Underlining the 'football' in 'football analytics'
An image from a BBC Sport explainer on expected goals, showing the average chance of scoring from areas inside the box.

Football, one could say, is a game where you’re trying to get the most control possible in that area in front of the opponents’ goal. Everything else is window dressing (or, more accurately, a mixture of philosophy and practicality in creating chances in that area).

Some of the people at the cutting edge of football analytics are moving towards ‘pitch control’ models using tracking data. Thanks to the (enormously) large trove of information available, at any one time they determine which team has ‘control’ of areas of the pitch.

Football should inform the approach to the data, but it’ll be interesting to see whether, in the future, working with this type of data could inform football.

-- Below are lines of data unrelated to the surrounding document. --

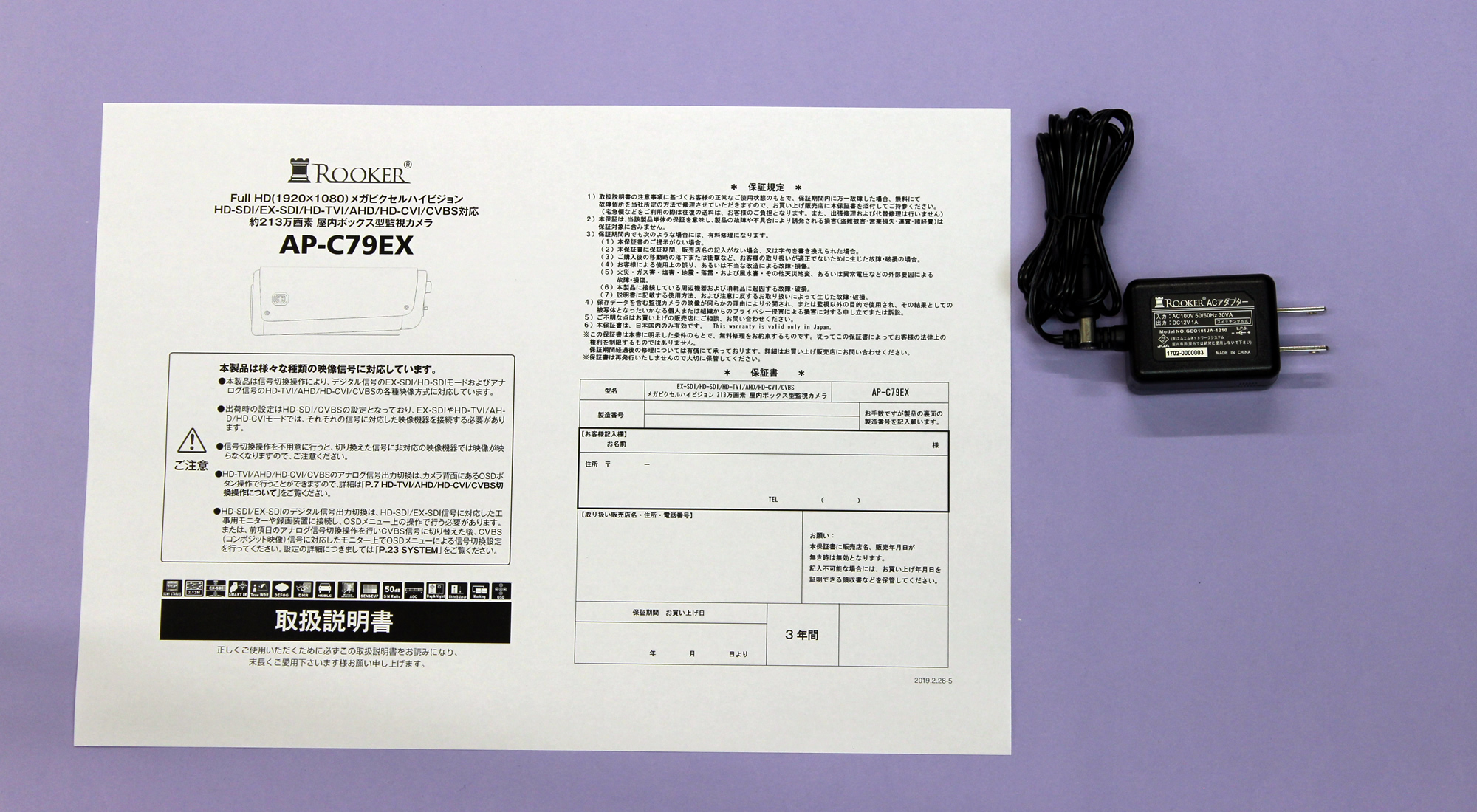 付属品 ACアダプター(DC12V/1A),DC電源ケーブル,取扱説明書,保証書3年間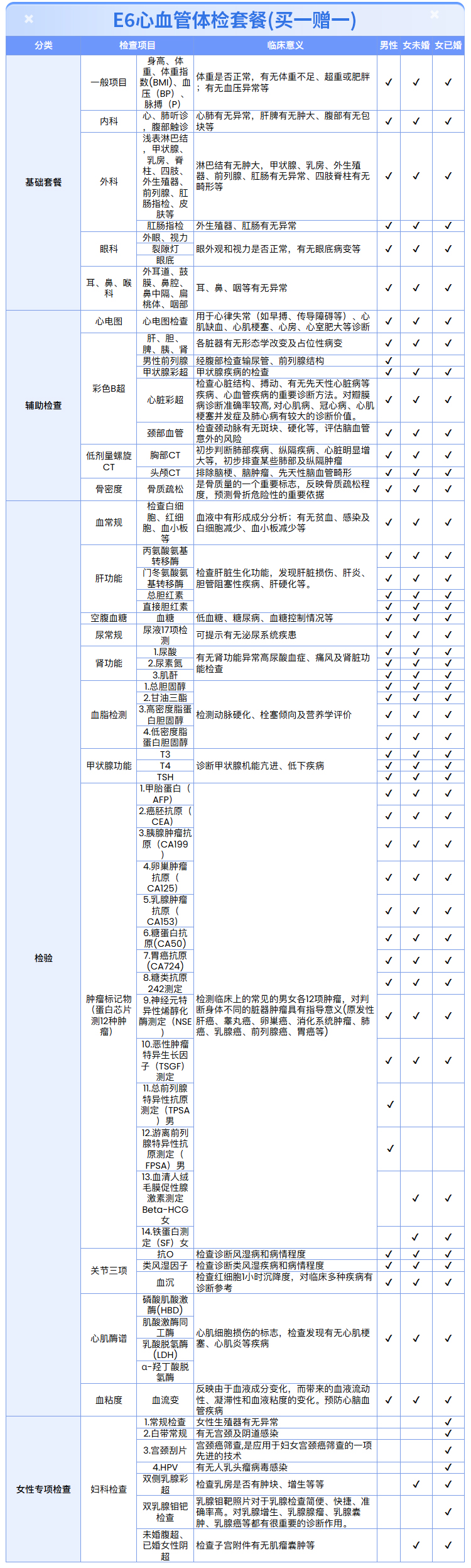 【双人体检|心脑血管专项】含胸部/头颅CT+九彩超+甲功三项+肿瘤十项+HPV(女)E6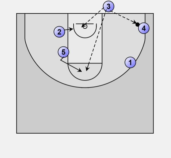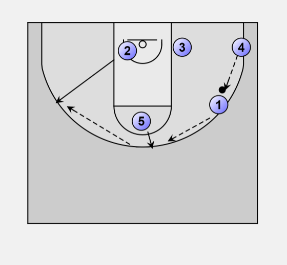 In this case the ball goes to 4 who starts to swing the ball by passing to 1.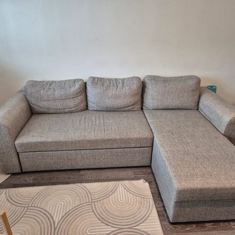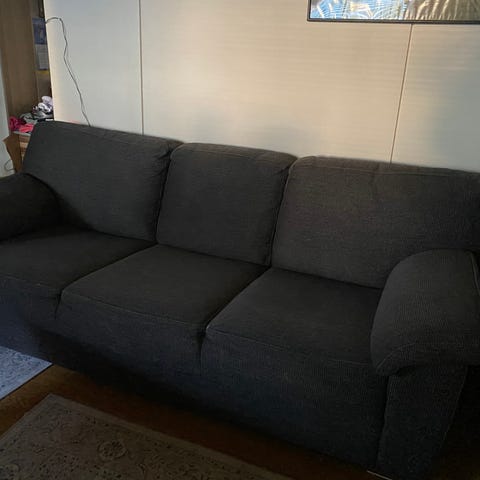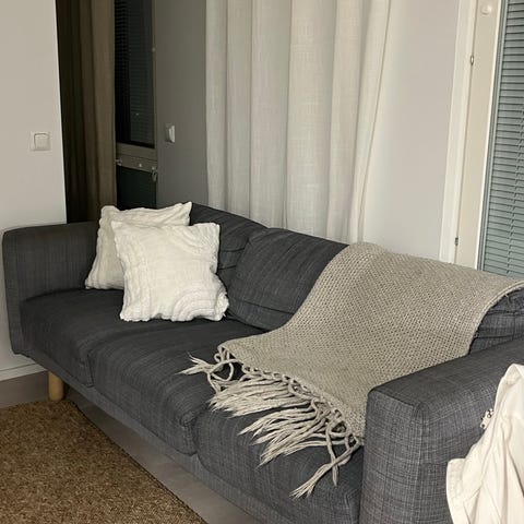 Annetaan kolmen istuttava sohva. Siisti kuntoinen ja hyvä istua. Istuin syvyys 56cm. Omat kantajat mukaan.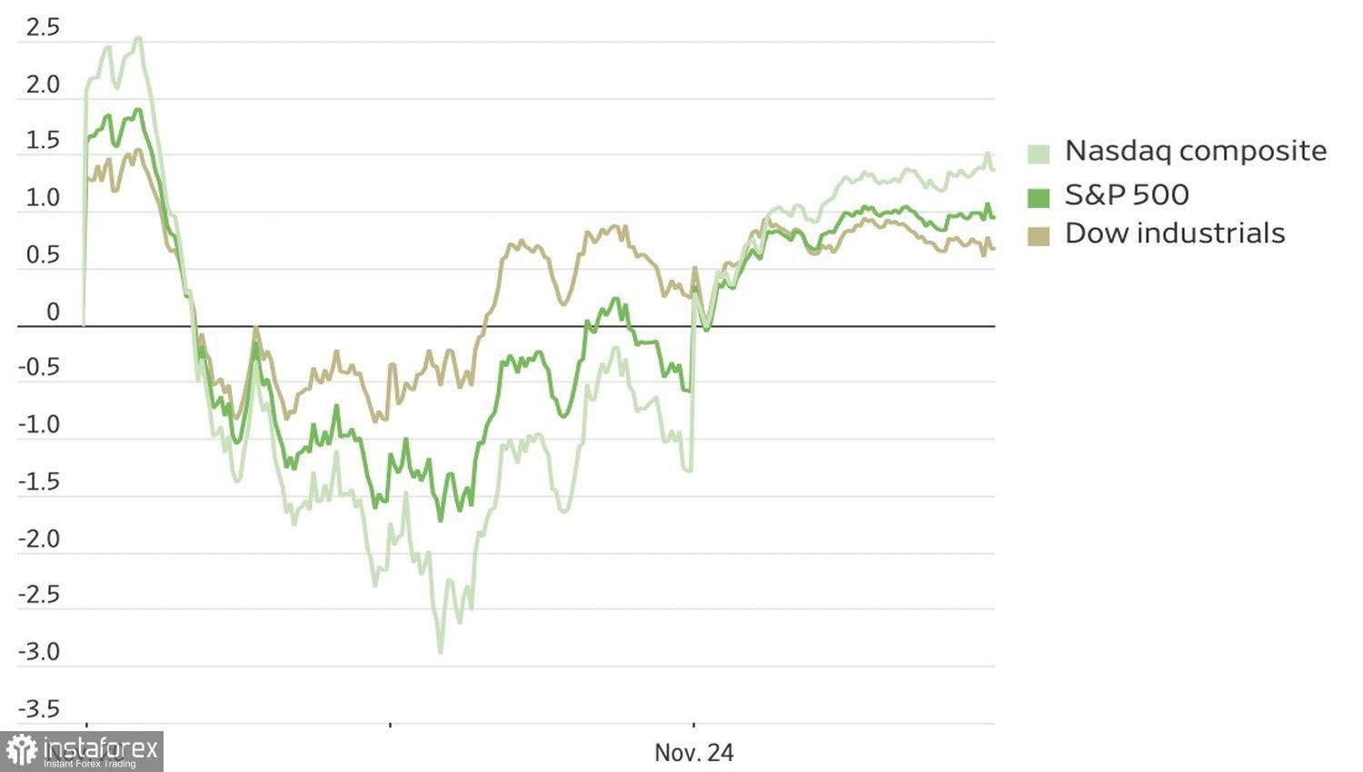 S&P 500 mencatat rally harian terbaiknya dalam enam minggu terakhir, sementara Nasdaq 100 mengalami kinerja terkuat sejak Mei, seiring dengan meningkatnya ekspektasi pelonggaran kebijakan moneter oleh Fed pada bulan Desember menjadi 81%. Pasar berjangka berfluktuasi antara ekstrem, bergantian an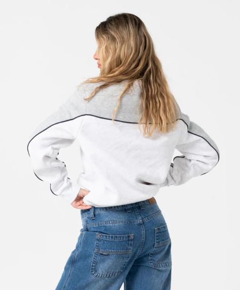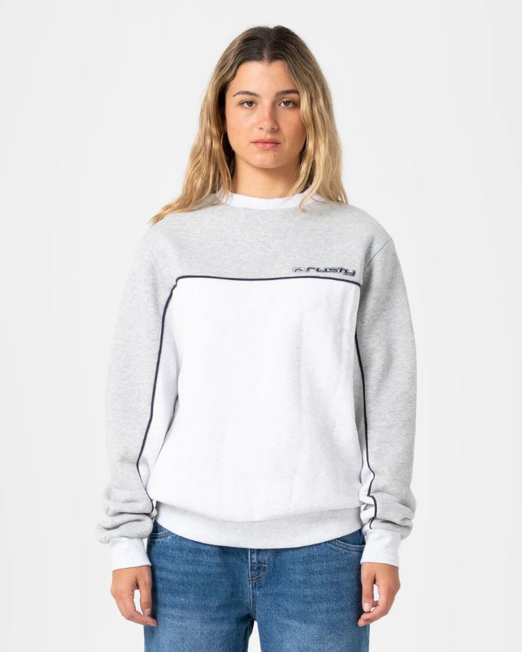 Relaxed Crew Neck Fleece With Contrast Panels Front Logo Embroidery. 58% Polyester / 42% Cotton Fleece (After Wash)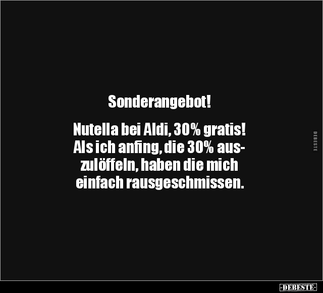 Sonderangebot! Nutella bei Aldi, 30% gratis! Als ich anfing, die 30% aus- zulöffeln, haben die mich einfach rausgeschmissen.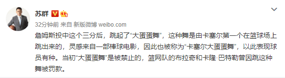 湖人和步行者赛后,苏群专门谈到了詹姆斯的争议庆祝动作,发文直言詹姆斯投中三分后,跳起了“大蛋蛋舞”,这种“卡塞尔大蛋蛋舞”是被联盟禁止的,篮网队的布拉奇和卡隆·巴特勒曾因跳这种舞被罚款。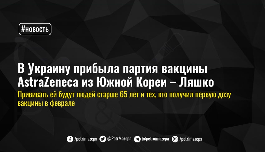 «"Сегодня в Украину прилетела очередная партия вакцин от глобальной инициативы COVAX, которая обеспечивает равный доступ к вакцинам для жителей всего мира. Мы говорим о партии 367 200 доз AstraZeneca, которая произведена в Южной Корее. Напомню, что эта вакцина разработана Оксфордским университетом в сотрудничестве с британско-шведской компанией AstraZeneca.... Эта партия вакцин будет использоваться в большинстве своем в кабинетах вакцинации для людей в возрасте 65+ и старше. Часть партии будет оставлена для проведения второй прививки людям, сделавшим прививку в период с 24 февраля», - цитирует Виктора Ляшко издание «Укринформ».

Could the models work out the best ways to create a control advantage in front of goal from any given situation?

More importantly for the vast number of us who don’t have access to either tracking data or the capabilities to work with it, should we incorporate this idea into how we approach using more traditional and widespread event data?

Nobody ever talks about the magic of the league, and nobody ever talks about the magic of data either. But they should. Because even though both work best with larger sample sizes, the possibilities for surprise and exploration is tremendous.